Мэгги никогда не предавала теплоту тех минут, которые они проводили вместе. Считала их драгоценными. И вот теперь лондонский детектив подозревает, что все самое дорогое в ее дружбе с викарием привело к его смерти.
Это было самое страшное, что могло произойти в ее жизни. Она виновата. И если это так, тогда мама все время знала, что делает, когда угощала викария в тот вечер обедом
Нет, подумала Мэгги. Мама не знала, что кормит его цикутой. Она никогда никому не причинила вреда. Делала только добро. Готовила мази и примочки. Целебные настои и отвары. Всевозможные мази и примочки.
Ее размышления прервали перешептывания одноклассников:
— Она отравила викария…
— …все-таки не удалось ей…
— …полиция приехала из Лондона…
— …поклоняются сатане, я слыхала и…
Мэгги вернулась к действительности. Дюжины глаз были устремлены на нее. Лица горели от возбуждения. Она прижала к груди рюкзак с книжками и поискала глазами друзей. Ее голова сделалась невесомой и, казалось, отделилась от тела. Ей стоило огромных усилий спросить:
— Не видели Ника? А Джози? — Губы у нее пересохли.
Девочка с лисьей мордочкой и большим прыщом на носу ответила за всех:
— Они не желают с тобой дружить, Мэгги. Зачем им рисковать?

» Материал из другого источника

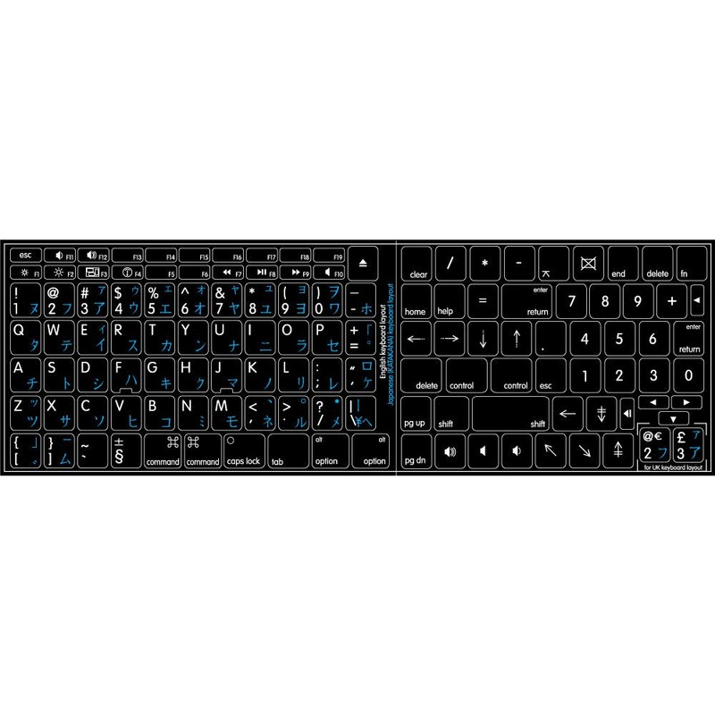 MAC English-Japanese Katakana Keyboard Stickers ON Black Background for Desktop, Laptop and Notebook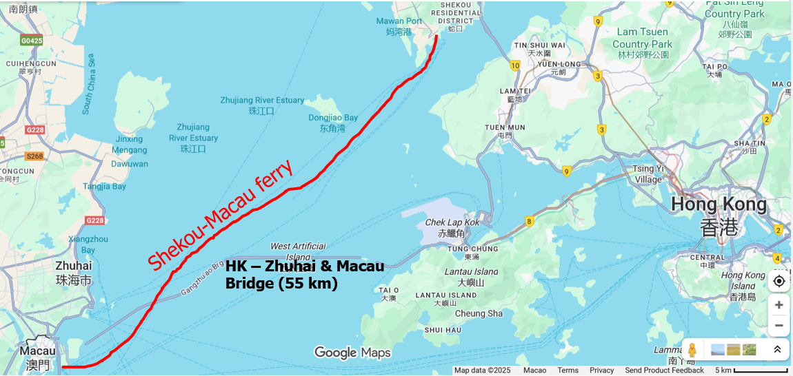 Macaohon pääsee Hong Kongista maailman pisintä (55 km) merisiltaa pitkin, mutta Shenzhenistä kätevin tapa on silti lauttayhteys. Ensin metrolla Shekou-satamaan (1:20), josta lautalla (1:00) Macao Taipa -satamaan.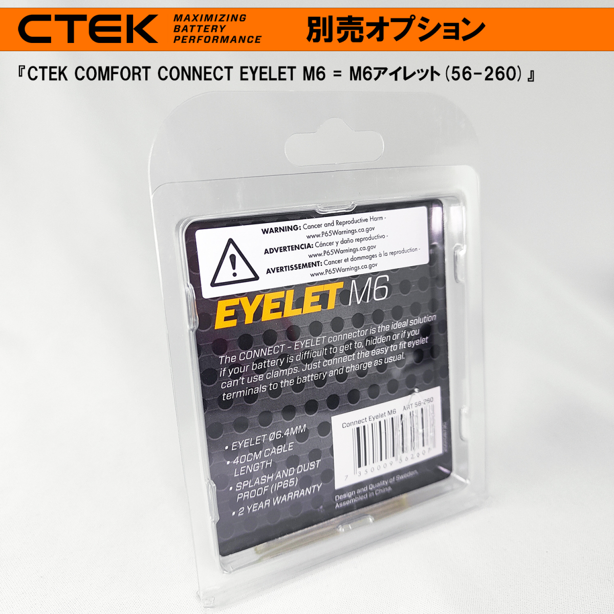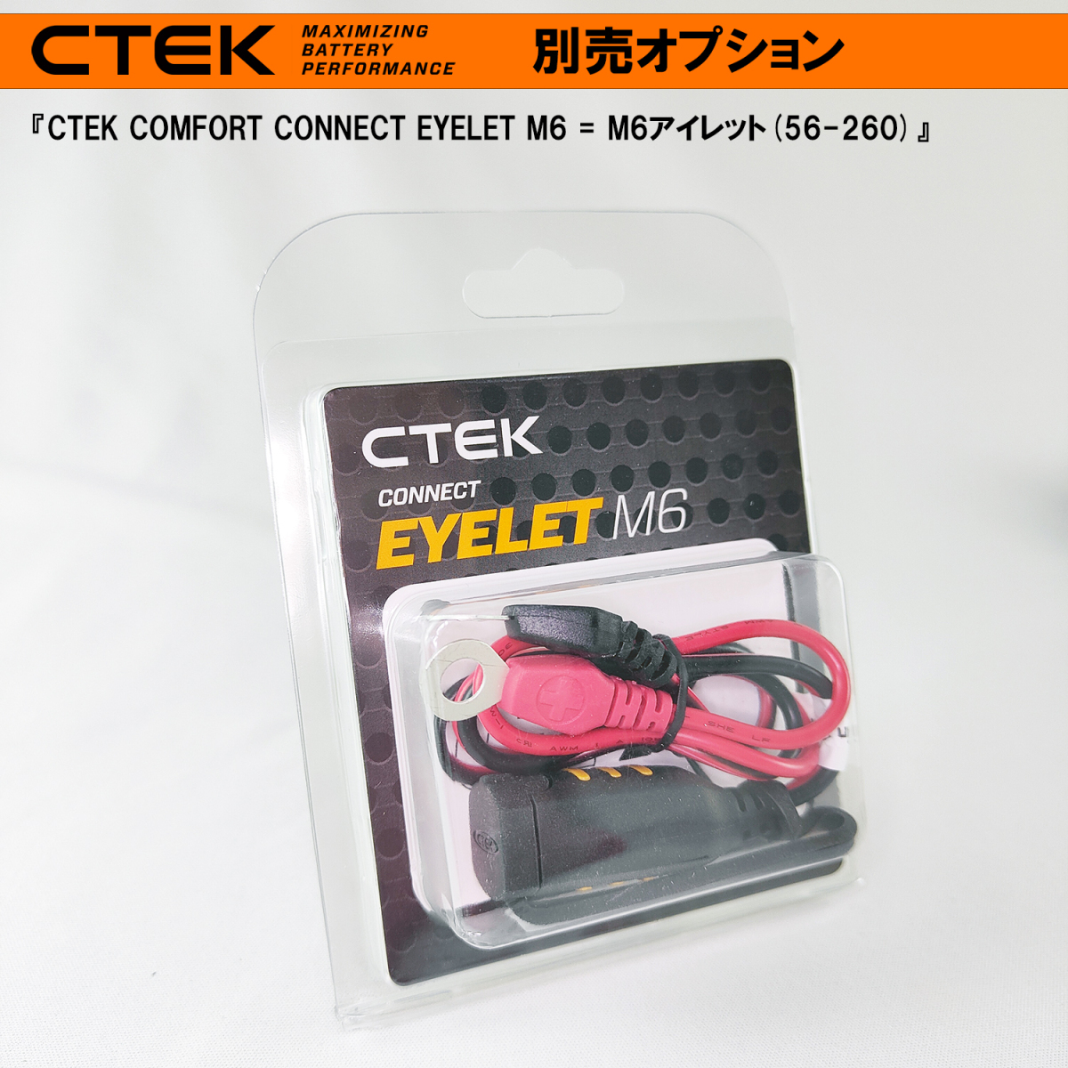新品・並行輸入品 コンフォート・コネクト・アイレット(6mm) コンフォート・コネクト対応のアイレット(6mm) 6.4mmアイレット 40cmケーブル 最大10A コンフォート・コネクトでCTEK充電器にすぐに接続充電可能に |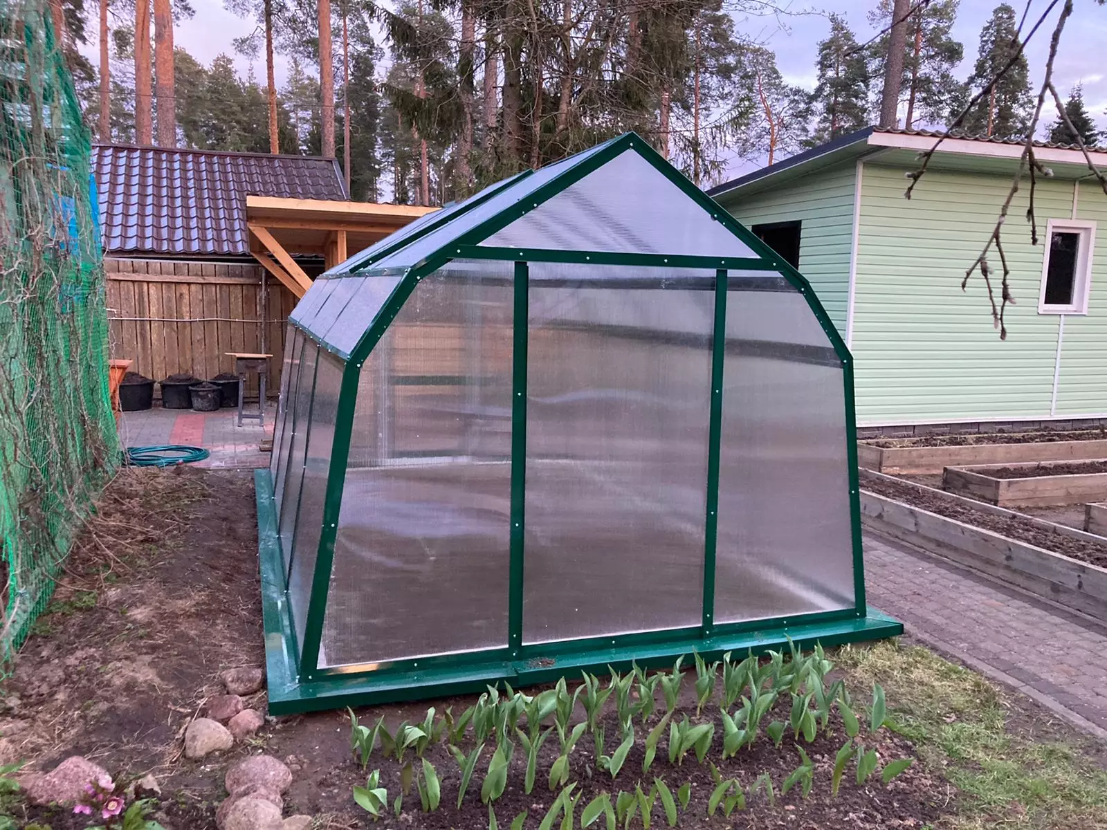 Лаконичный дизайн делает модель универсальной: теплица легко вписывается в любой садовый стиль и не перегружает пространство. Пропорции конструкции создают ощущение лёгкости, а аккуратные линии подчеркивают современный характер модели.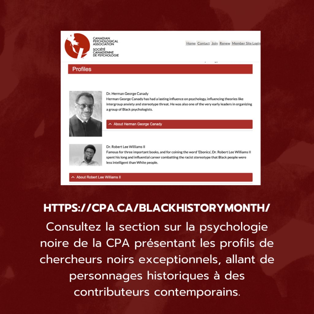 Vous pouvez également consulter la section de psychologie noire de l’ACP (https://cpa.ca/fr/blackhistorymonth/présentant des profils de chercheurs noirs exceptionnels, allant de figures historiques à des contributeurs contemporains.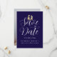 modern elegant photo wedding save the date with Whimsical Dinosaur theme wedding “Save the Date” navy blue and white Card Funny T-Rex Bride & Groom Wedding Announcement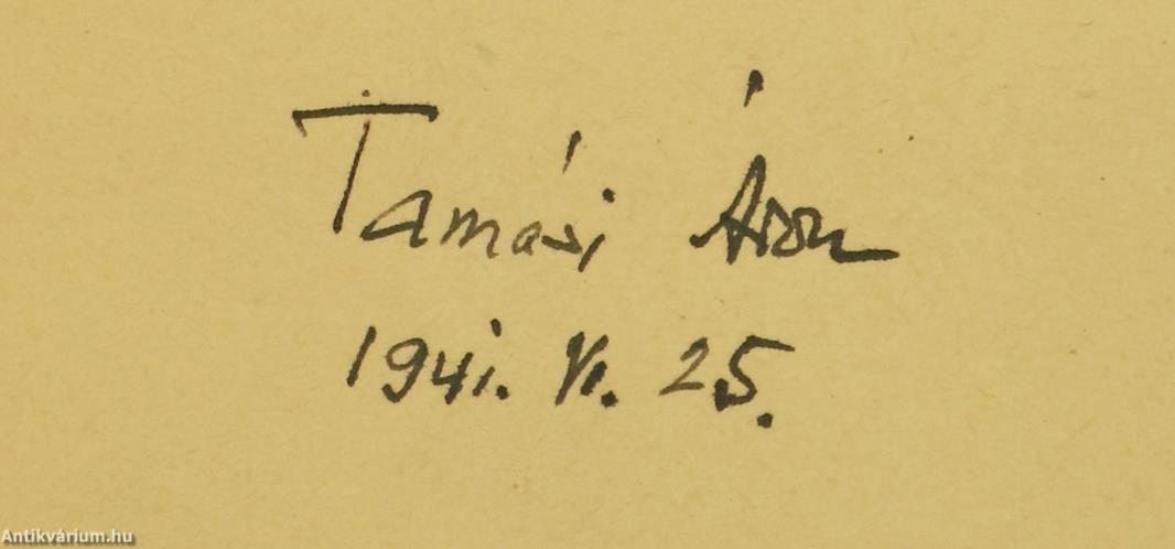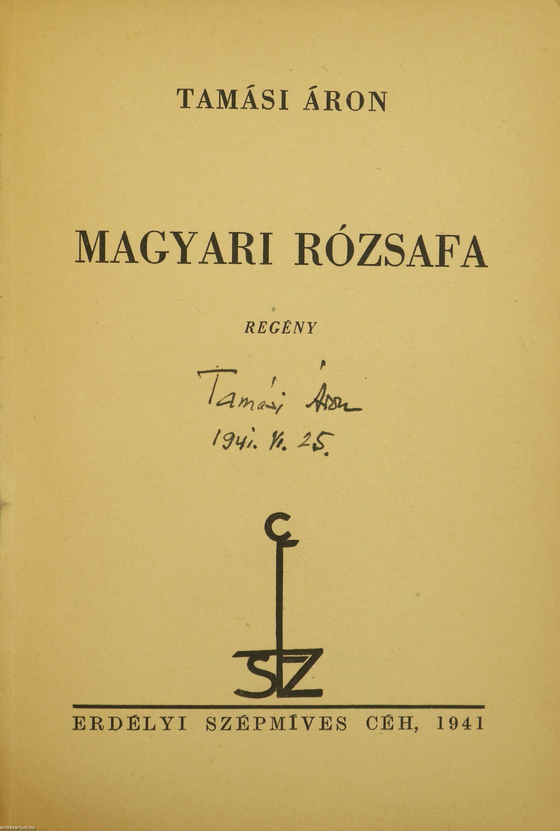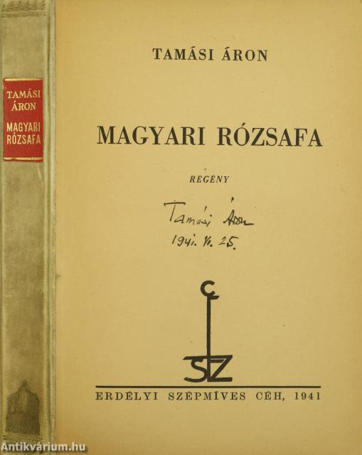 Szerző által aláírt példány. Első, számozott, bibliofil kiadás. Ez a könyv az Erdélyi Szépmíves Céh száznegyvenharmadik kiadványa, XII. sorozatának 20-21. számú könyve. Magyari rózsafa. Regény. Írta: Tamási Áron. A címlapon a szerző, Tamási Áron tollal beírt, jól olvasható aláírása látható. "E könyv első kiadása kizárólag az Erdélyi Szépmíves Céh tagjai számára készült. - Ez a 91. számú példány". Az Erdélyi Szépmíves Céh pártoló tagjainak névsorával kiegészített kötet. Nyomtatta a Révai Nyomda Budapesten. Kiadói félpergamen kötésben lévő példány, feliratozatlan, színes, mintás címfedéllel és hátlappal, aranyozott feliratozású könyvgerinccel, hiánytalan állapotban. A kötet szerzője, Tamási Áron (Farkaslaka, 1897. szeptember 20. – Budapest, 1966. május 26.) erdélyi magyar író. A két háború között több novelláskötete és regénye is megjelent. Az elsők között "A szűzmáriás királyfi", amit javarészt még Amerikában írt, de csak a hazatelepülése után fejezett be. Ezután jött a Czímeresek, amiben az erdélyi világ feszültségeit írta meg. Ezt fő műve követte, az Ábel-trilógia; előbb az "Ábel a rengetegben", majd azt követően a folytatások: "Ábel az országban" és "Ábel Amerikában", melyek tartalmát javarészt saját életélményeiből merítette. Az Újság, az Ellenzék munkatársa, valamint az Erdélyi Helikon alapító tagja volt. Külön rovata volt a Brassói Lapokban „Tiszta beszéd” címmel. 1935-ben részt vett az Új Szellemi Front kísérletében. Később a "Cselekvő Ifjúság" cikksorozatában az „erdélyi gondolatot” igyekezett megújítani.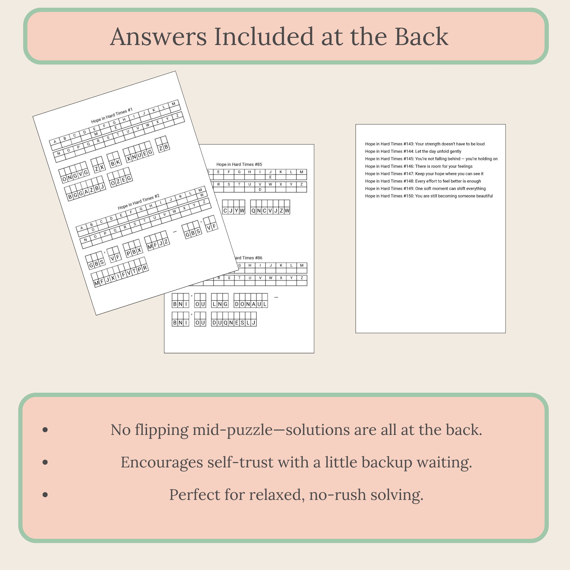 Each puzzle comes with three helpful hints to guide you forward. You can move at your own pace, whether you are new to cryptograms or just want a relaxed experience. You’ll also find a full answer key for easy checking.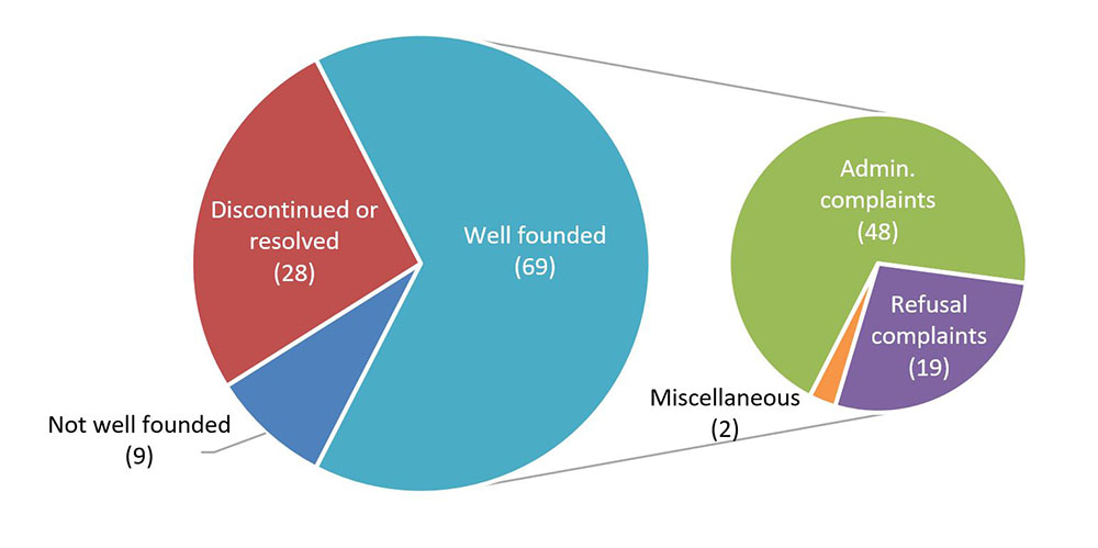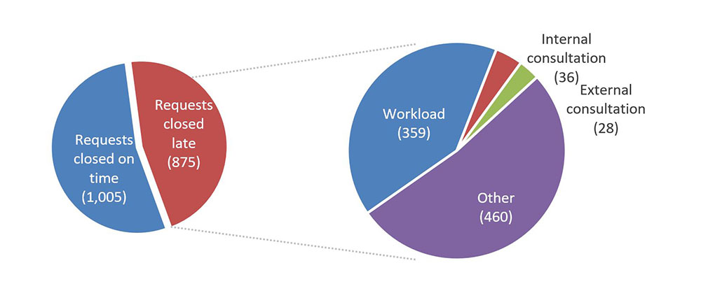 In 2016-2017, 2838 requests were received, 673 requests were carried over from the previous reporting period. A combined workload of 3511 requests.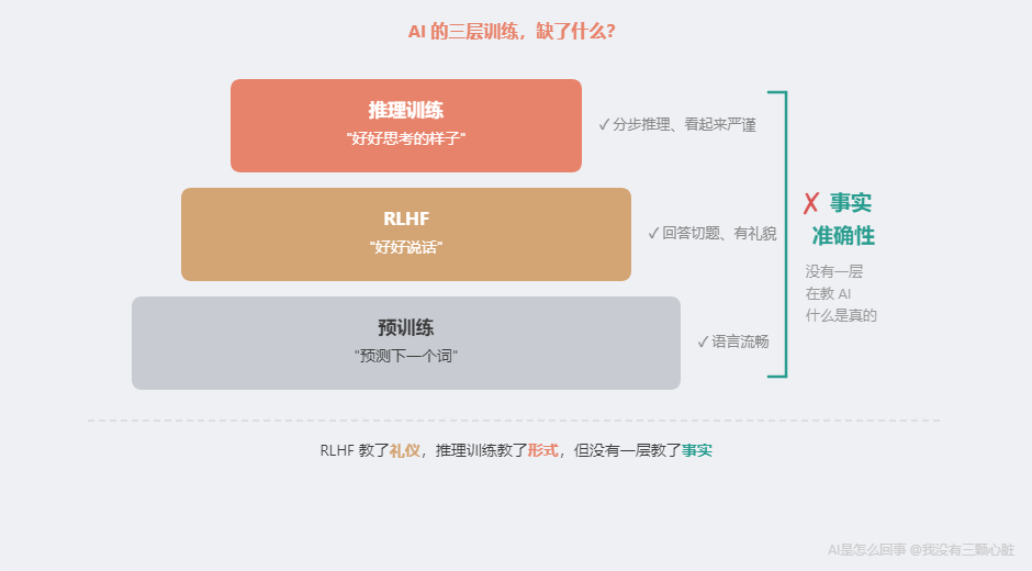 RLHF 教会了 AI "好好说话"。推理训练教会了 AI "好好思考的样子"。但两者都没有教会 AI 什么是"事实"。

Лица, казалось, придвинулись ближе к Мэгги.
Она крепче сжала рюкзак. Острый угол учебника впился в ее ладонь. Она знала, что они дразнятся, — и гордо выпрямилась.
— Ладно, — сказала она с улыбкой. — Хватит. Где Джози? Где Ник?
— Уже уехали, — ответила лисья мордочка.
— Но автобус… — Он стоял где обычно, дожидаясь отправления, всего в нескольких ярдах, возле ворот. В окнах виднелись лица, но Мэгги не могла различить своих друзей.
— У них свои дела. Они договорились во время ленча. Когда узнали.
— Что узнали?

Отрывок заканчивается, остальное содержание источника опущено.